Revue Révolution is a bilingual (French/English) journal of cultural diplomacy, heritage transmission, and art curation.
Based in New York, with a Paris branch, the project partners with cultural institutions, bringing together museum curators and cultural researchers from the Americas, Europe, Africa, and Asia, advancing clarity, harmony, symbolic intelligence, and wise stewardship in cultural life.
Through its publications and research, Revue Révolution explores how the arts, storytelling (myth), and philosophical traditions contribute to intercultural harmony, dialogue, and the diplomacy of spirit.
Revue Révolution also functions as a curatorial framework, connecting folk and contemporary artistic practices with deeper symbolic and intellectual lineages. Its curatorial methodology, rooted in non-duality (advaita vedanta), approaches the work of art as a form of knowledge and a guiding principle for cultural synthesis and renewal.
Drawing inspiration from the evolution of science, Revue Révolution aims to foster the emergence of a peer culture in poetry and the arts.
Focus Areas
Cultural Diplomacy & Intercultural Dialogue
Revue Révolution investigates how artistic and intellectual traditions support dialogue across cultures. The project engages with South Asian, Himalayan, American, African, and European cultural lineages, exploring their contemporary relevance across global contexts.
Heritage, Harmony & Narrative Forms
The journal examines poetry, oral traditions, mythological systems, and symbolic forms as vehicles of cultural memory and harmony. It develops curatorial approaches that connect historical depth with contemporary artistic expression.
Art, Philosophy & Non-Dual Aesthetics
A central focus of the project is the application of a non-dual philosophical framework to artistic creation. Revue Révolution approaches art, myth, poetry, and philosophy as forms of living knowledge and dialogue grounded in tradition and oriented toward synthesis.
Artistic Engagement
Since its creation in 2019, Revue Révolution has published and engaged with a wide network of artists, writers, poets, and researchers through interviews, conversations, and podcasts.
This first phase helped us understand the challenges and opportunities of cultural creation through non-dual creative practices in our time. Today, Revue Révolution builds on that foundation with an institutional partnership model focused on curatorial initiatives and public cultural programming.
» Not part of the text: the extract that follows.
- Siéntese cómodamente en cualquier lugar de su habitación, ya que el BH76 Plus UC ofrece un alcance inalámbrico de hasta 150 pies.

Institutional & Cultural Partnerships
Revue Révolution develops partnerships with cultural institutions, museums, research platforms, foundations, and organizations engaged in heritage transmission, cultural diplomacy, and intercultural dialogue.
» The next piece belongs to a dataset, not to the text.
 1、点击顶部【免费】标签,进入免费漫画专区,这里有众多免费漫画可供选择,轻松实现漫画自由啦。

The project is currently in conversation with several institutions, including the Nicholas Roerich Museum in New York in relation to exhibitions, public programming, editorial collaboration, and curatorial research, as well as Temenos Academy. It also engages with organizations focused on South Asian and Himalayan cultural heritage.
Through these relationships, Revue Révolution supports new forms of collaboration, exhibition development, educational programming, and public engagement across cultural contexts, grounded in non-duality.
Public Engagement
The project reaches its audience through:
- Digital publication (journal issues, essays, and long-form inquiry)
- Printed editions (select publications)
- Public conversations, talks, and institutional collaborations.
- Exhibition partnerships, curatorial programming, and catalogue production. Revue R is honored to co-organize the Primordial America centenary exhibition at the Nicholas Roerich Museum New York
- Editorial and curatorial research
- Educational initiatives for art schools
Revue Révolution serves an international audience of cultural institutions, including museums, art schools, artist estates, curators, and researchers engaged in knowledge synthesis and cultural diplomacy.
Project Structure (Ideation)
Revue Révolution operates as a cyclical process:
Research → Publication → Institutional Dialogue & Partnership Event → Artist Support → Public Engagement
This structure allows the project to move between editorial work, curatorial development, and public presentation, creating a continuous loop of knowledge production and cultural exchange.